EXERCISE DATA –
++++

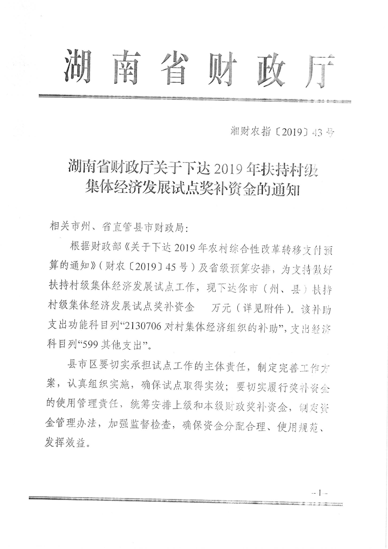2019年扶持村级集体经济发展试点中央和省级奖补资金公开
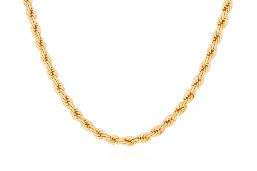 CORRENTE BANHADA EM OURO, ELO CORDA 2,50mm, 45cm COMPRIMENTO, EXTENSOR 5cm COMPRIMENTO E PESO 8,70g
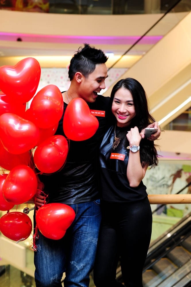| Đôi vợ chồng son Baggio và Quỳnh Trâm cũng góp mặt trong sự kiện này. Họ mặc áo đôi và liên tục tạo dáng nhí nhảnh để các phóng viên tác nghiệp. |

++++

WORK TO BE COMPLETED – Transcribe all the lines above exactly, apart from the pictures.

WRITTEN RESPONSE –
2019年扶持村级集体经济发展试点中央和省级奖补资金公开
 CORRENTE BANHADA EM OURO, ELO CORDA 2,50mm, 45cm COMPRIMENTO, EXTENSOR 5cm COMPRIMENTO E PESO 8,70g
| Đôi vợ chồng son Baggio và Quỳnh Trâm cũng góp mặt trong sự kiện này. Họ mặc áo đôi và liên tục tạo dáng nhí nhảnh để các phóng viên tác nghiệp. |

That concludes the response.